The rise of Theodore Roosevelt - Edmund Morris [128]
Roosevelt simultaneously divested himself of the brownstone on West Forty-fifth Street, the only house he and his wife had ever owned. He could not bear to return there, even to close it up. Bamie was left with the sad task of “dividing everything.” Yet on 1 March, just two weeks after Alice’s death, Roosevelt signed a contract for the construction of Leeholm, at a total cost, including outbuildings, of $22,135.5 Construction began immediately, although the weather was so cold Oyster Bay was frozen in ripples. He wanted his manor finished by the summer; why was unclear, since he had no plans to move in. Bamie, ever-resourceful, indefatigable Bamie, would take care of it for him.

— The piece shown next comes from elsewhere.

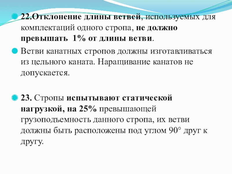 Слайд 2222.Отклонение длины ветвей, используемых для комплектаций одного стропа, не должно превышать

“I have never believed it did any good to flinch or yield for any blow,” he wrote Bill Sewall. “Nor does it lighten the pain to cease from working.”6 He did not care where he lived, for he intended to spend an absolute minimum of time eating and sleeping. Even in happier days, he had been insomniac and febrile; now his only instinct was to sleep less and labor more. The pain in his heart might be dulled by sheer fatigue, if nothing else. “Indeed I think I should go mad if I were not employed.”7
And so, on 18 February, the Assemblyman returned to Albany.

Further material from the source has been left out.